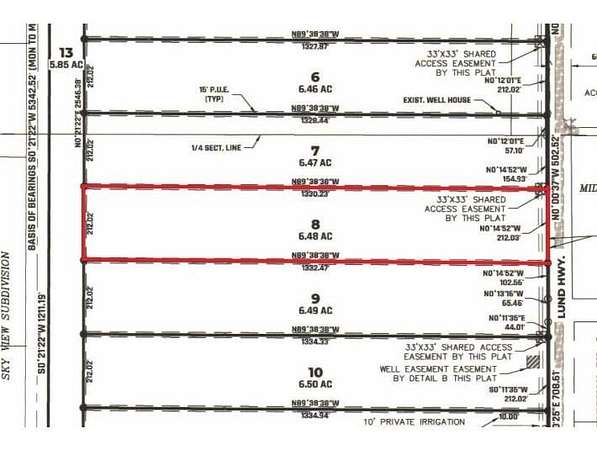 This spacious 6.48 acre lot in the Peak View Ranchettes subdivision offers an impressive amount of land, measuring 212.02 feet wide and 1330.23 feet deep. The property is easily accessible via a county-maintained paved road. You have the flexibility to bring your own builder. Utilities with Rocky Mountain power, already stubbed to the lot. Each lot comes equipped with a culinary water connection through the Water Conservancy District and includes one share in the Peak View Ranchettes Irrigation Company. Notably, the sellers have installed secondary irrigation systems, making it easy to provide water for pastures and gardens. The lot extends beyond the existing fence line, offering additional space beyond the enclosed area, enhancing the overall appeal of this remarkable property.
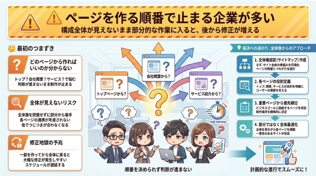 企業HPのサイト構成で最初につまずくのは、どのページから作ればいいのか分からなくなる点です。トップページ、会社概要、サービス紹介のどれを先に用意するかで悩み、判断が進まないまま制作が止まります。順番を先に決めようとすると、構成全体が見えないまま部分的な作業に入ってしまい、後から修正が増えやすくなります。
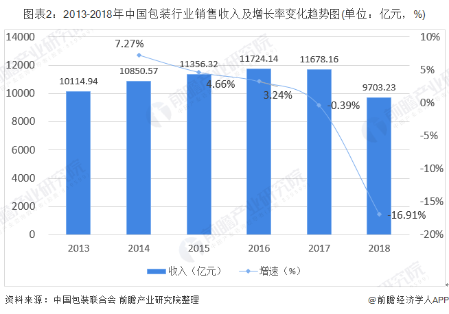 我国包装行业经历了高速发展阶段,已经建立起相当的生产规模,已经成为我国制造领域里重要的组成部分。2018年,受宏观经济遇冷影响,我国包装行业遭遇寒冬,销售收入、利润总额、产量均显颓势。
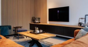 Doordat de woonkamer, eetkamer en keuken één grote open ruimte zijn, heeft de interieurontwerper voor de demping van het geluid gekozen voor een akoestisch dempend product; akupanelen. Dit product vind je terug in de hoek van het tv-meubel.
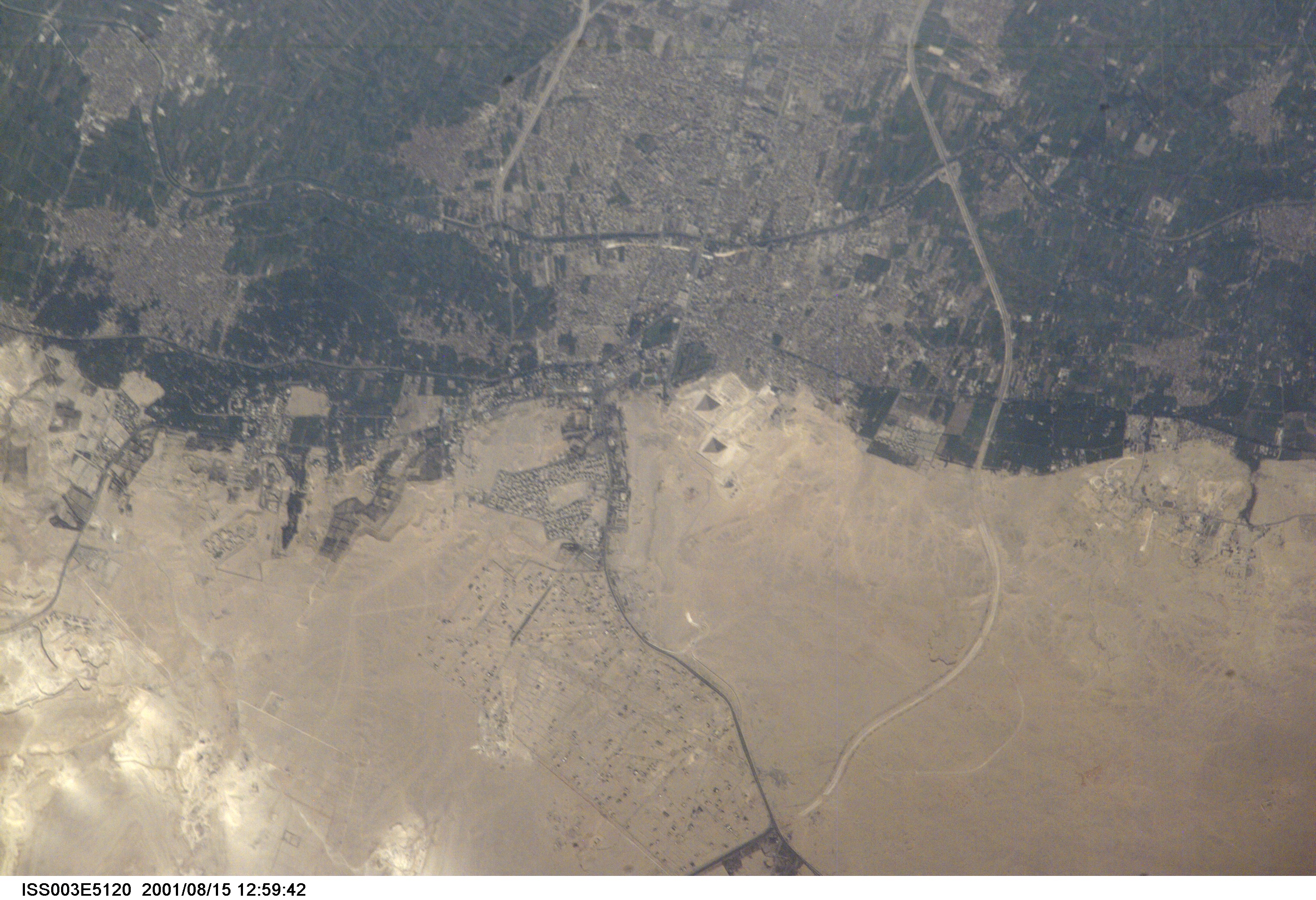 Although some commercial satellites, such as IKONOS, have imaged the Pyramids at Giza in greater detail (1 m resolution), this image highlights the potential of the International Space Station as a remote sensing platform. A commercial digital camera without space modifications was used to obtain this picture. Similarly, a variety of remote sensing instruments developed for use on aircraft can potentially be used from the Space Station.

* Task to complete: Repeat the records word for word and drop any pictures.

* Solution:
 This spacious 6.48 acre lot in the Peak View Ranchettes subdivision offers an impressive amount of land, measuring 212.02 feet wide and 1330.23 feet deep. The property is easily accessible via a county-maintained paved road. You have the flexibility to bring your own builder. Utilities with Rocky Mountain power, already stubbed to the lot. Each lot comes equipped with a culinary water connection through the Water Conservancy District and includes one share in the Peak View Ranchettes Irrigation Company. Notably, the sellers have installed secondary irrigation systems, making it easy to provide water for pastures and gardens. The lot extends beyond the existing fence line, offering additional space beyond the enclosed area, enhancing the overall appeal of this remarkable property.
 企業HPのサイト構成で最初につまずくのは、どのページから作ればいいのか分からなくなる点です。トップページ、会社概要、サービス紹介のどれを先に用意するかで悩み、判断が進まないまま制作が止まります。順番を先に決めようとすると、構成全体が見えないまま部分的な作業に入ってしまい、後から修正が増えやすくなります。
 我国包装行业经历了高速发展阶段,已经建立起相当的生产规模,已经成为我国制造领域里重要的组成部分。2018年,受宏观经济遇冷影响,我国包装行业遭遇寒冬,销售收入、利润总额、产量均显颓势。
 Doordat de woonkamer, eetkamer en keuken één grote open ruimte zijn, heeft de interieurontwerper voor de demping van het geluid gekozen voor een akoestisch dempend product; akupanelen. Dit product vind je terug in de hoek van het tv-meubel.
 Although some commercial satellites, such as IKONOS, have imaged the Pyramids at Giza in greater detail (1 m resolution), this image highlights the potential of the International Space Station as a remote sensing platform. A commercial digital camera without space modifications was used to obtain this picture. Similarly, a variety of remote sensing instruments developed for use on aircraft can potentially be used from the Space Station.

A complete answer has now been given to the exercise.